# Weird wound on a dolphin



## Downtime2 (Sep 27, 2007)

Caulght this fish today with a fairly new wound on it. Looks like a bill wound. By the shape of the wound and penatration, we think it was a blue spear mark....


----------



## wld1985 (Oct 2, 2007)

ehh looks like it would hurt..


----------



## bluffman2 (Nov 22, 2007)

does look like a billfish hit him!!

what was the seas like out there today?


----------



## Xanadu (Oct 1, 2007)

Looks like he got in the wheel. If that fish was hungry enough to eat with that wound, wow!


----------



## Chris Couture (Sep 26, 2007)

A bill while he was on the line maybe? Look very fresh... You never know.


----------



## Get'n Wade (Oct 28, 2007)

I caught one last year that was nearly cut in half. They are pretty durable.


----------



## PELAGIC PIRATE (Oct 10, 2007)

Where is the rest of the report wade ?


----------



## Backlash (Jun 11, 2008)

How long would it live after being hit like that ???


----------



## Downtime2 (Sep 27, 2007)

> *TITLEWAVE (7/27/2008)*Where is the rest of the report wade ?


Not much to report Mike. Couple of meatfish and one shot at a sail which wouldn't eat. Had another sail, little bitty feller no more than 25 pounds jump and act crazynext to the spread but not come in it. Like everyone else, got pounded pretty good coming in by a nice thunderstorm. Dat's it....


----------



## Downtime2 (Sep 27, 2007)

> *Backlash (7/27/2008)*How long would it live after being hit like that ???

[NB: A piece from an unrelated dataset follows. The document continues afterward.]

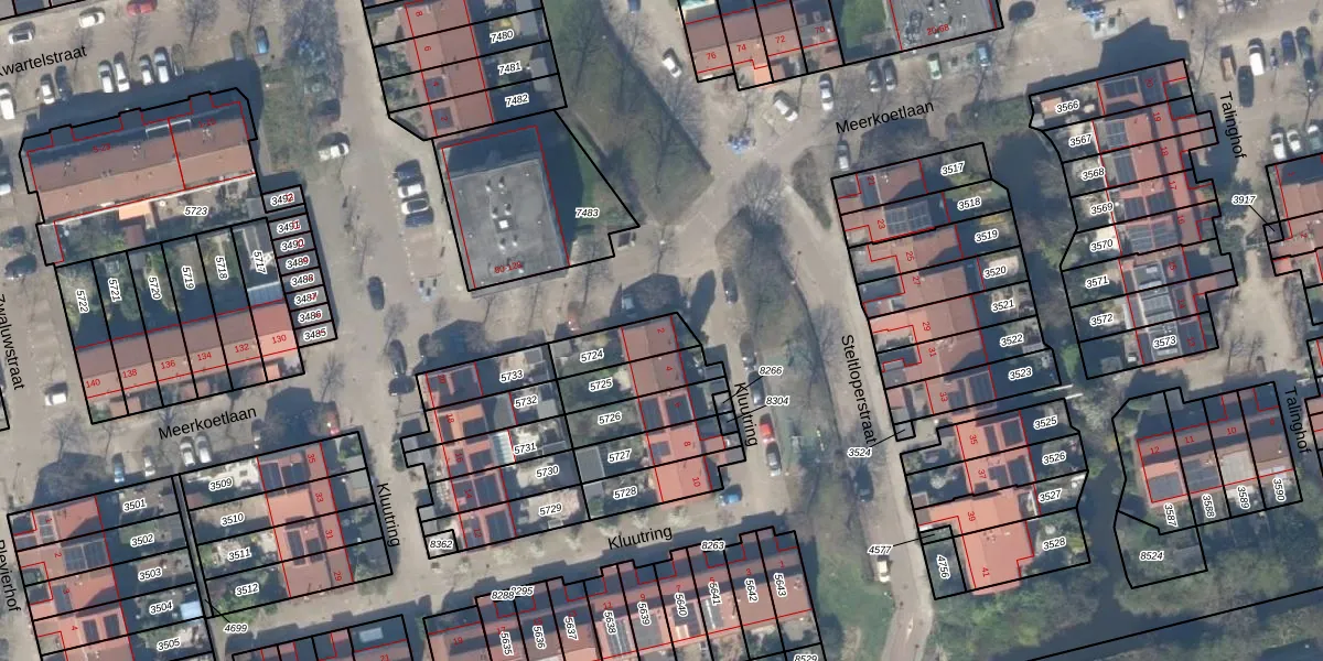 Gebruik de zoekbalk of klik op een perceel voor informatie over de adressen binnen dit perceel.

I've seen some old wounds on dolphin in the past that may have been nasty when inflicted but had healed up...


----------



## DISANTO (Oct 1, 2007)

Looks to me like one of Hiller's gaff jobs!


----------



## Inn Deep (Oct 3, 2007)

I was with Kenny , rode through part of the storm with him in thw fly bridge. 5 knots with waves crashing over the bow. Fun ride, yikes!!


----------



## WW2 (Sep 28, 2007)

Looks like you should have dropped him back in the spread an trolled him...


----------



## Downtime2 (Sep 27, 2007)

> *WW2 (7/27/2008)*Looks like you should have dropped him back in the spread an trolled him...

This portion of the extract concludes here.